Information supplied
= = =

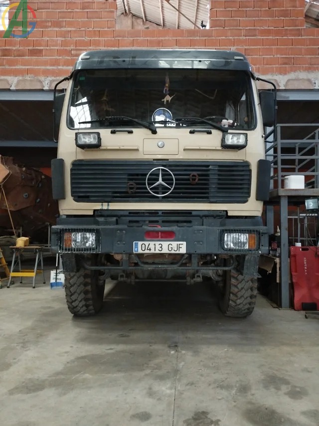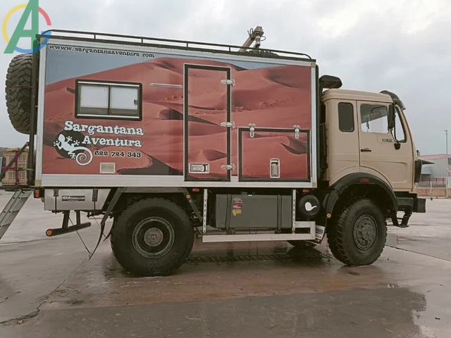 Mercedes autocaravana todo terreno, 350 cv. Motor 8 cilindros en V, 14618 c.c. dos turbos, 4x4 permanente, 3 bloqueos, grupos largos, reductora.
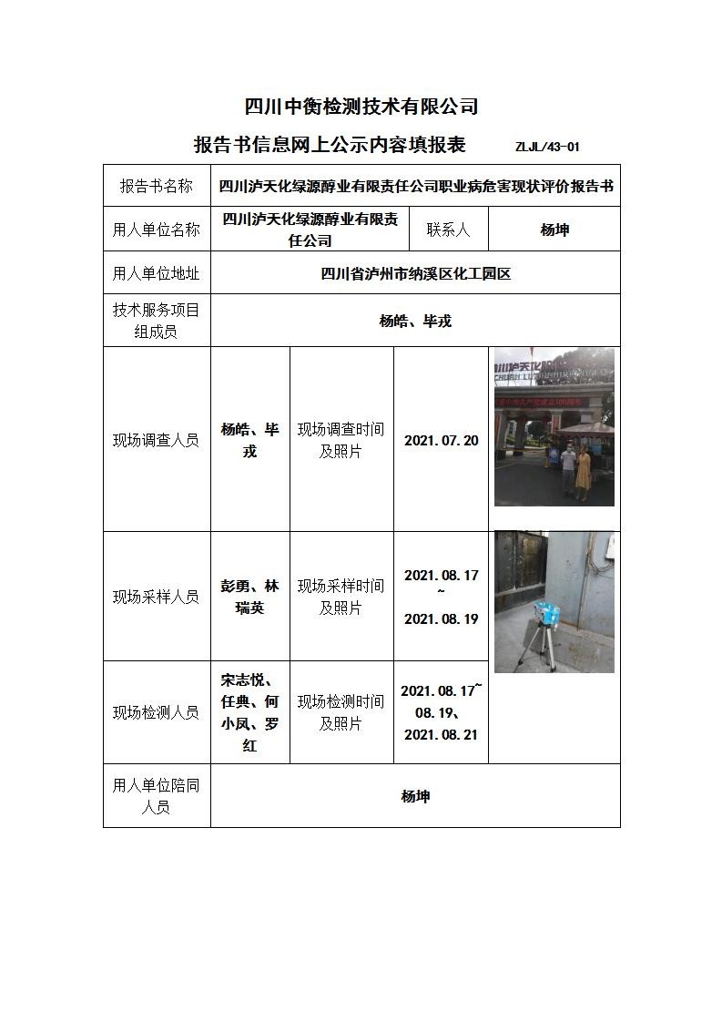 四川瀘天化綠源醇業(yè)有限責(zé)任公司職業(yè)病危害現(xiàn)狀評價
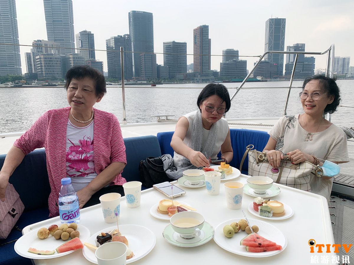 我们登上了大都会2号游艇,主管王女士告诉我们:九月和十月上海旅游节期间,来预订游艇聚会、出游浦江游览观光的客人特别多。据8月30日“晓得上海-大都会游艇下午茶”直播活动统计,约2小时13分、观看人数3.9万人,在线获得点赞7231次。王女士在微信上兴奋地说:这次活动完美PK掉同平台黄金时段的国际著名品牌等官方直播,厉害了!
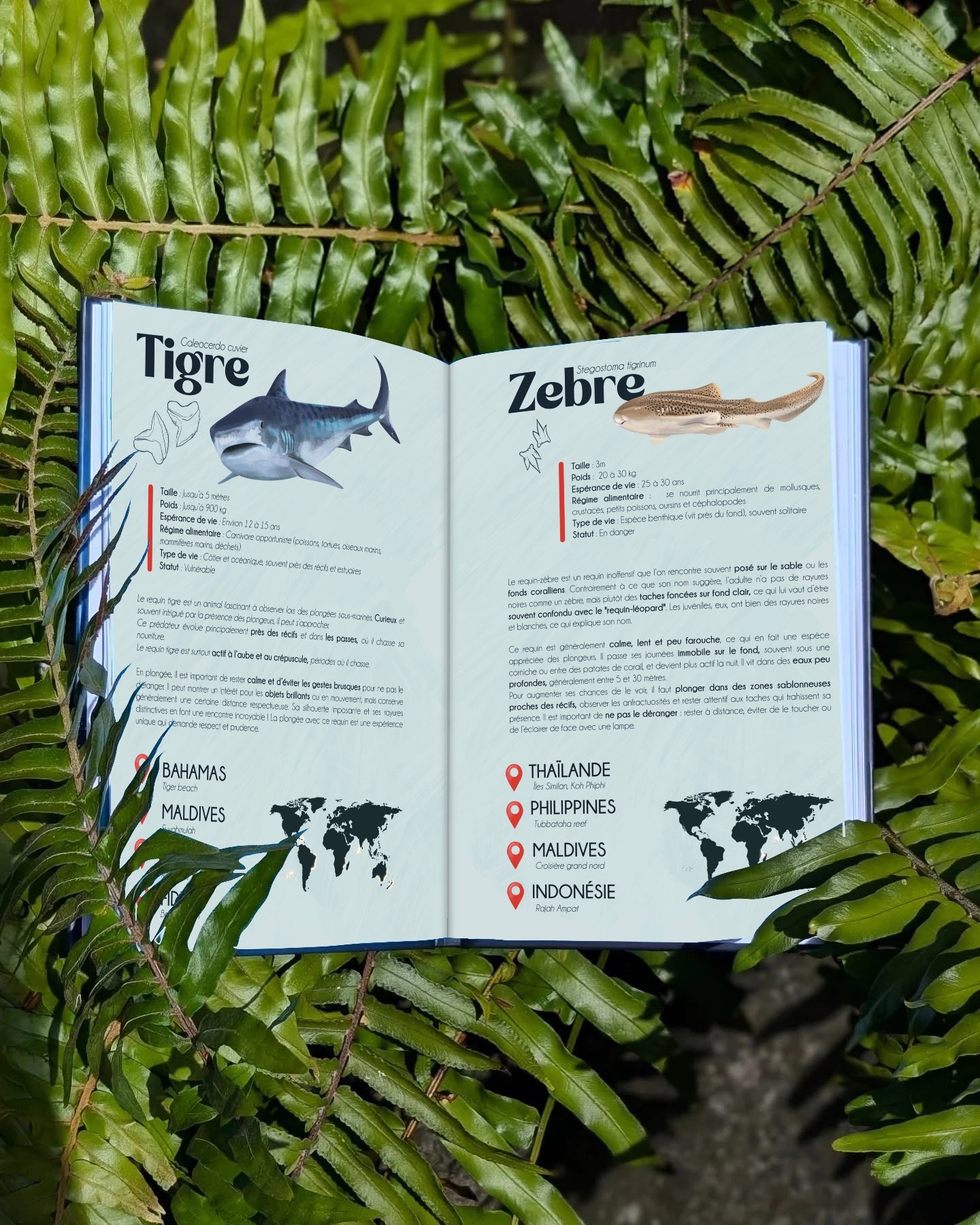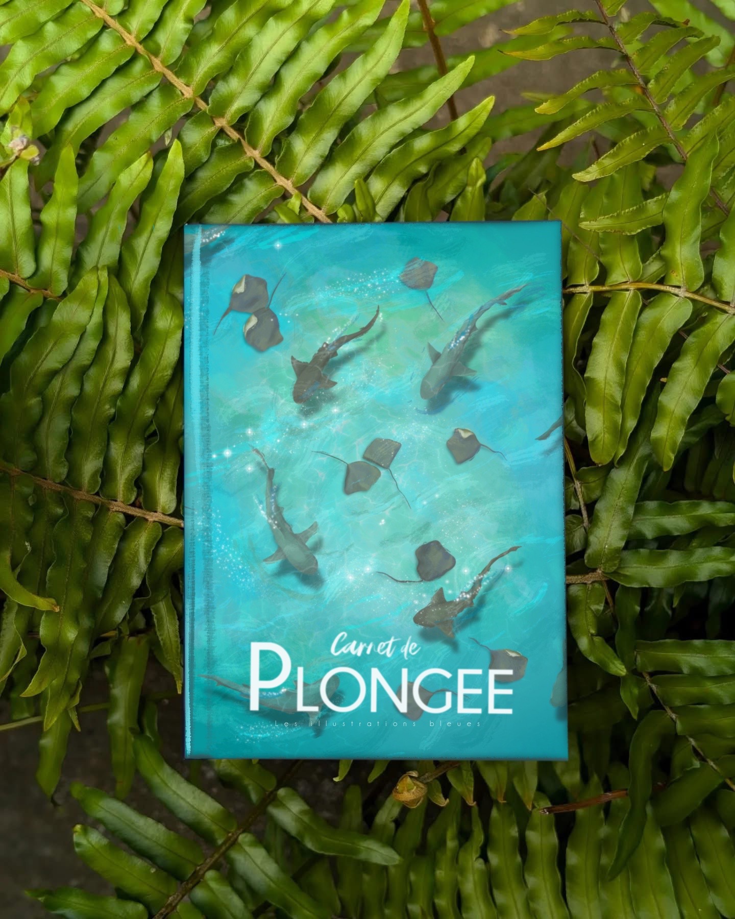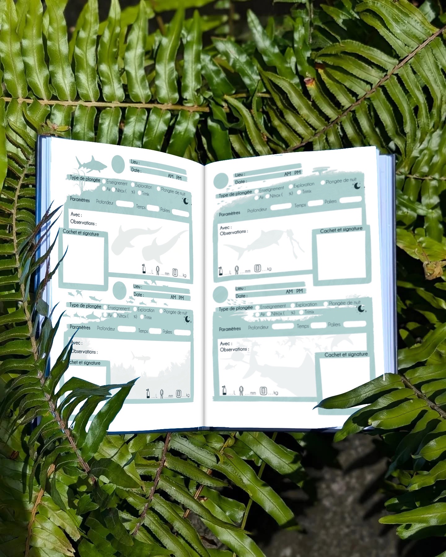Plus qu’un carnet de plongée : un véritable livre. On peut y noter 120 plongées… mais ce qui le distingue des autres carnets, ce sont ses 40 pages d’illustrations. Entièrement dessinées et rédigées par mes soins, on y retrouve plus de 140 animaux sous la forme de plaquettes scientifiques, mais egalement du contenu pédagogique pour aider dans la pratique de la plongée…, ou encore de nombreuses pages de sensibilisation environnementale

= = =

What is being asked
Pictures are to be omitted; otherwise, every line from the first line of the listing through the line containing "四川瀘天化綠源醇業(yè)有" must be reproduced exactly, both ends included.

Completed task
 Mercedes autocaravana todo terreno, 350 cv. Motor 8 cilindros en V, 14618 c.c. dos turbos, 4x4 permanente, 3 bloqueos, grupos largos, reductora.
 四川瀘天化綠源醇業(yè)有限責(zé)任公司職業(yè)病危害現(xiàn)狀評價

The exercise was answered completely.